I recently watched Metallica on the Colbert Report. It was nothing short of depressing. These guys need to hang it up. They don’t need the money, they haven’t produced an album worth a damn in over twenty years, and things like their latest ego-stroke, Through The Never, just continue the douche chill that is modern Metallica.
While the reasons for the band to lay down their instruments are multiple, we tried to reduce it to the ten most egregious sins, for an indisputable list of Ten Reasons Metallica Need To Call It A Day .

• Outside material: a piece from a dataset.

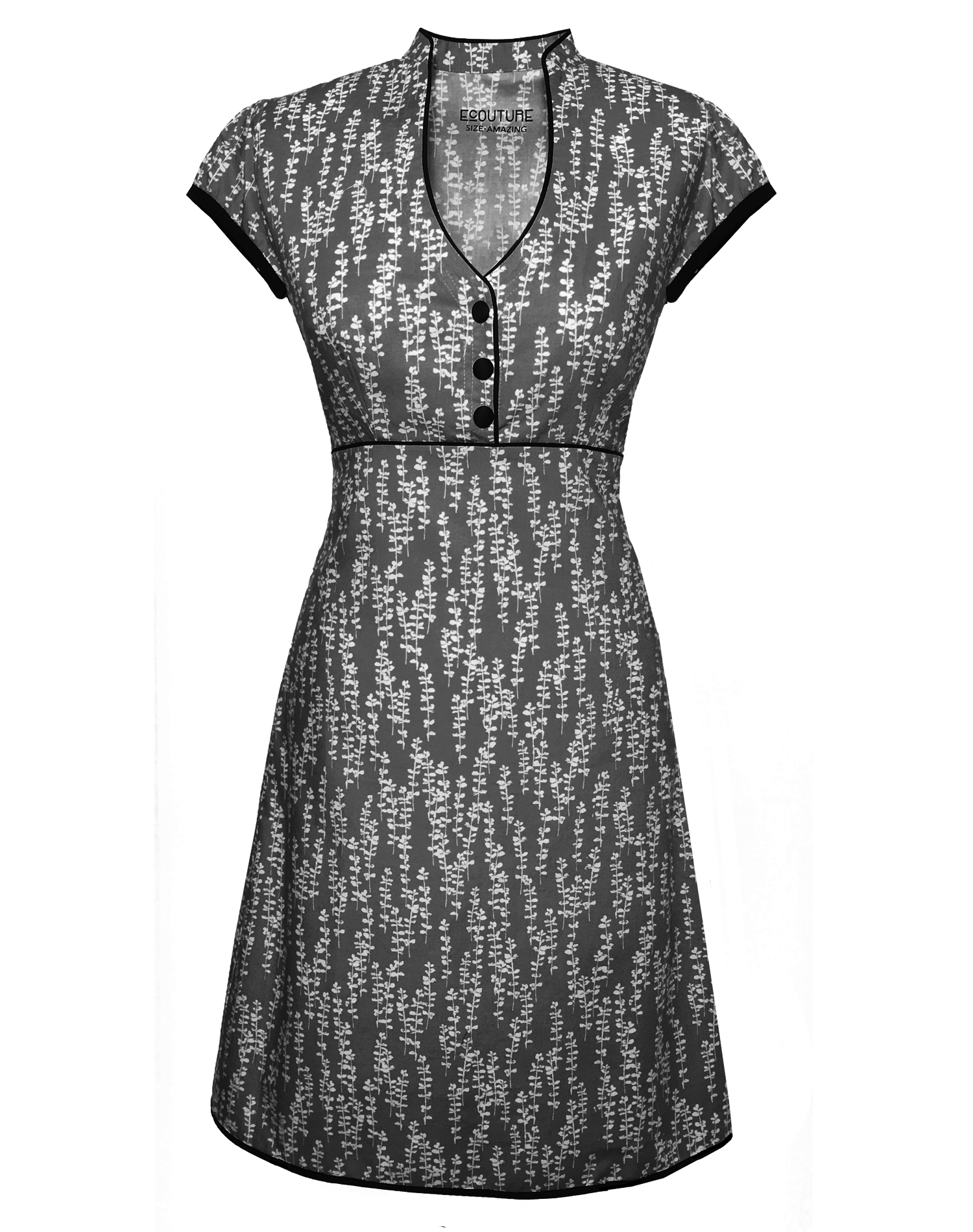 Denne kjole er lavet af en helt ny og lækker økologisk [GOTS-certificeret] bomuld fra Cloud9. Tittekanter er økologisk [GOTS-certificeret] bomuld fra Les Trouvailles d’Amandine. Lynlåsen fra Unizip er oeko-tex®-certificeret og overholder den europæiske REACH-standart.

Ten Reasons Metallica Need to Call It a Day
10. Napster
Yes, this did happen a long time ago, but I think people missed the point. While we as fans felt Metallica, who got big through tape trading, were incredibly hypocritical for trying to shut down Napster, it was really them handing over a list of 60,000 plus Napster users to the feds that tore it. The band has never recovered from that. It was our first introduction to Metallicorporation and to what a douche bag Lars Ulrich could be.
9. Load/Reload
Two albums of searing failure. The only entertaining thing with Load and Reload is playing them back to back and trying to figure out which one sucks the worst. I’m going with Reload because now, and forever, I will hear James Hetfield bark out “Gimmie Fuel gimmie fire, gimmie that which I desire.”
8. Some Kind of Monster
Watching rich rock stars bitch and complain about how hard it is to be rich rock stars is hard enough, but to view a band like Metallica turn into crybaby yuppies during their “feelings class” is unwatchable. The worst part was witnessing Lars Ulrich get more excited about getting drunk and selling art, than playing drums. Wait, did I say the worst part? I’m wrong. That title belongs to Lars Ulrich insinuating during bass player tryouts, that Cliff Burton might not be good enough for the band at this point.
7. Death Magnetic
Watching a band get old is rough, watching them desperately attempt to recapture their relevance is heartbreaking. Death Magnetic, while not as rough on the ears as St. Anger, was, in some ways, even worse. It was a final nail in the coffin of the idea that Metallica might reclaim their lost magic. At this point, Metallicorporation is just spitting out unit movers.
6. 'Tallica
Once the band started referring to themselves as ‘Tallica, it was pretty much fuck you from there.
5. The Bass Curse
Every time Metallica loses a bass player, their songwriting skills drop considerably. Cliff Burton dies, fans get And Justice For All , Black Album, etc. Jason Newsted leaves, Metallica release St. Anger and Death Magnetic , not to mention Rob Trujillo’s ridiculous crab-walk spectacle. As they have yet to fire Rob and beg Jason to return, Metallica is clearly unaware of the curse. They have to hang it up before Trujillo leaves or gets fired. Can you imagine the dreck Metallica would record then?
4. St. Anger
I don’t even need to break this album down. Sit back, close your eyes, and listen to it. They CHOSE that production sound. The band listened to this record and found themselves saying “Wow. Great. Release it.” Lars OPTED for that snare sound. He wanted it to sound like somebody was beating a garbage can lid with a ballpeen hammer. That, right there, screams “HANG IT UP”.
3. The Black Album
Metallica went from metal band to dancing bears. From heavy metal giants to Vegas lounge act. If you lack courage and intellect, the Black album is for you. Some will scream that the album sold millions. Yeah, well, so did Limp Bizkit and they’re the antichrist.
2. Lulu
This thing was a punchline waiting to happen. Seriously? Could even the most forgiving Metallica fan, find it in their heart to turn away from this bastard child of a billion bad ideas? The fatal stumble down the staircase of relevancy might have been avoided, if Metallica and Lou Reed slipped Lulu into the world with little or no fanfare. If it had been treated as an oddity, or a curious experiment. Nope, Lulu was lauded as some kind of historical event, with both sides rubbing each other’s egos with the kind of ferocity usually reserved for The Champagne Room. Hilarity ensued. Read our full review .
1. Lars Ulrich
Everything this guy does sends douche chills up the spine. Napster, Some Kind Of Monster, St. Anger , there is little wrong with Metallica that doesn’t somehow point back to good old Lars. Never before has the vile cesspool of rock stardom been more completely encompassed within one human being. Mix in his lazy, and usually inadequate drumming, and you have a recipe for disaster. Since they won’t ever fire him, how about the band just call it a day?